[Records from a dataset]
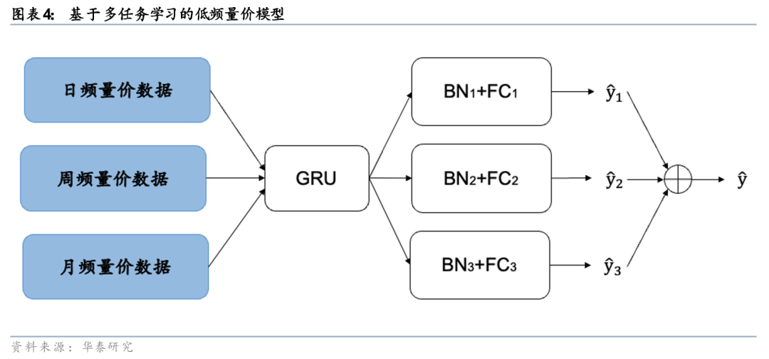2023年5月,我们在《人工智能68:神经网络多频率因子挖掘模型》(20230511)中利用神经网络自动提取股票原始量价数据中的特征,实现端到端的因子挖掘和因子合成,成为AI量价端到端模型的开篇之作。其后,我们进一步基于多任务学习的低频量价模型,使得模型同时接收日频、周频和月频三种不同颗粒度的K线数据,采用同一个GRU模块提取时序信息、实现知识共享,从而提升合成信号的效果。
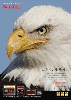 | キャンペーン広告のメイン写真「ハクトウワシ」の撮影現場では、サンディスクのメモリカードが使われた |
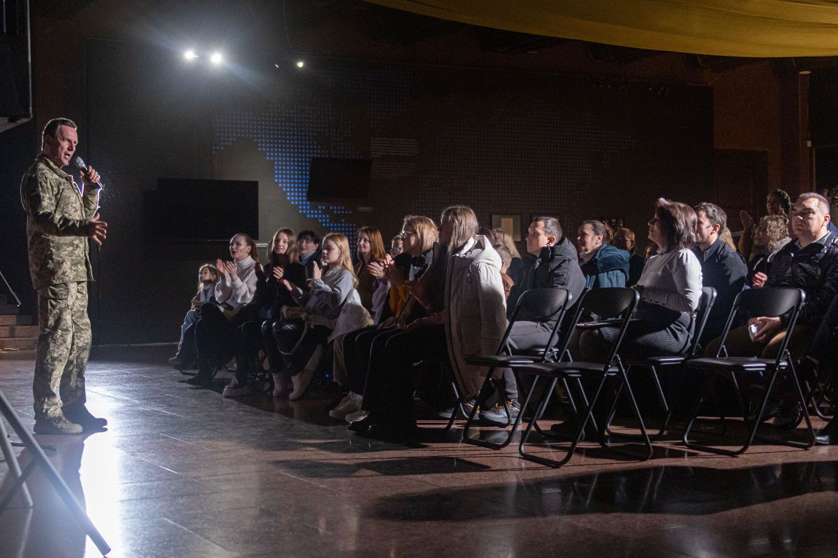 З вітальним словом до юних виконавців звернувся генеральний директор Музею війни Юрій Савчук. Він наголосив на тому, наскільки важливо в такі тяжкі часи й дорослим, і дітям не втрачати віру в майбутнє. Художній керівник оркестру полковник Ігор Биковський зауважив, що музиканти радо підтримали ідею Ірини Булгакової, начальника Управління культури Бахмутської міської ради, поєднати в одній композиції голоси дітей та професійну міць військових музикантів.
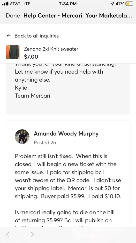 I have been selling on Mercari for a few years. Their support staff has gotten really bad lately. They provide no support to sellers! They copy and paste the same message and don't listen to your complaint. Lately, there have been more buyers that are terrible. These buyers blame the seller for USPS delivery problems, high prices, and give low ratings. These problems are beyond the seller's control. Mercari support do not support the sellers in removing these bad unreasonable reviews, including damaging reviews. There are also "Karens" that have become a growing problem as buyers such as Karen Geisler from Matthews, NC and Jill Irvin from Newnan, GA. I won't be selling here anymore due to lack of Mercari support. I recommend selling on other selling platforms that provide more support for their sellers. Hope Mercari goes downhill.
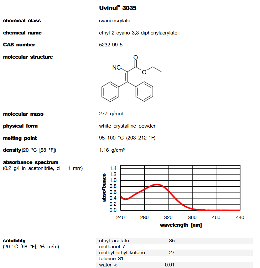 UV-3035可用于涂料的顶涂层中,以提高其耐光性?035在MEK中溶解性好,巴斯夫自己试验时系先制?0%溶液,而MEK与丙烯酸树脂相容性好,其它对巴斯夫紫外线吸收剂UV3035溶解性良好的溶剂包括醋酸乙酯和甲苯。建议客户应先测试其树脂与溶剂的相容性、br/>
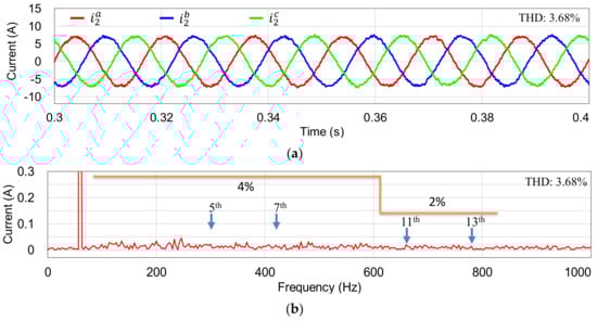 Figure 7 shows the simulation results of three-phase grid-side currents at steady-state under the grid condition in Figure 7a. The current injected into the grid is 7 A. The simulation test clearly shows high-quality grid-side currents even in the presence of a severely distorted grid condition with only the THD value of 3.68%, which is compliant with limits specified by the grid interconnection regulation IEEE Std. 1547 []. The magnitudes of harmonics are presented more evidently in the FFT result of phase-a current as shown in Figure 7b, which illustrates that the current controller well rejects the distorted harmonics from the grid to produce clean output currents.

Goal of the exercise: An exact copy of the lines above, from the first through the line that holds "UV-3035可用于涂料的顶", is what is needed; leave the pictures out.

Finished exercise:
2023年5月,我们在《人工智能68:神经网络多频率因子挖掘模型》(20230511)中利用神经网络自动提取股票原始量价数据中的特征,实现端到端的因子挖掘和因子合成,成为AI量价端到端模型的开篇之作。其后,我们进一步基于多任务学习的低频量价模型,使得模型同时接收日频、周频和月频三种不同颗粒度的K线数据,采用同一个GRU模块提取时序信息、实现知识共享,从而提升合成信号的效果。
 | キャンペーン広告のメイン写真「ハクトウワシ」の撮影現場では、サンディスクのメモリカードが使われた |
 З вітальним словом до юних виконавців звернувся генеральний директор Музею війни Юрій Савчук. Він наголосив на тому, наскільки важливо в такі тяжкі часи й дорослим, і дітям не втрачати віру в майбутнє. Художній керівник оркестру полковник Ігор Биковський зауважив, що музиканти радо підтримали ідею Ірини Булгакової, начальника Управління культури Бахмутської міської ради, поєднати в одній композиції голоси дітей та професійну міць військових музикантів.
 I have been selling on Mercari for a few years. Their support staff has gotten really bad lately. They provide no support to sellers! They copy and paste the same message and don't listen to your complaint. Lately, there have been more buyers that are terrible. These buyers blame the seller for USPS delivery problems, high prices, and give low ratings. These problems are beyond the seller's control. Mercari support do not support the sellers in removing these bad unreasonable reviews, including damaging reviews. There are also "Karens" that have become a growing problem as buyers such as Karen Geisler from Matthews, NC and Jill Irvin from Newnan, GA. I won't be selling here anymore due to lack of Mercari support. I recommend selling on other selling platforms that provide more support for their sellers. Hope Mercari goes downhill.
 UV-3035可用于涂料的顶涂层中,以提高其耐光性?035在MEK中溶解性好,巴斯夫自己试验时系先制?0%溶液,而MEK与丙烯酸树脂相容性好,其它对巴斯夫紫外线吸收剂UV3035溶解性良好的溶剂包括醋酸乙酯和甲苯。建议客户应先测试其树脂与溶剂的相容性、br/>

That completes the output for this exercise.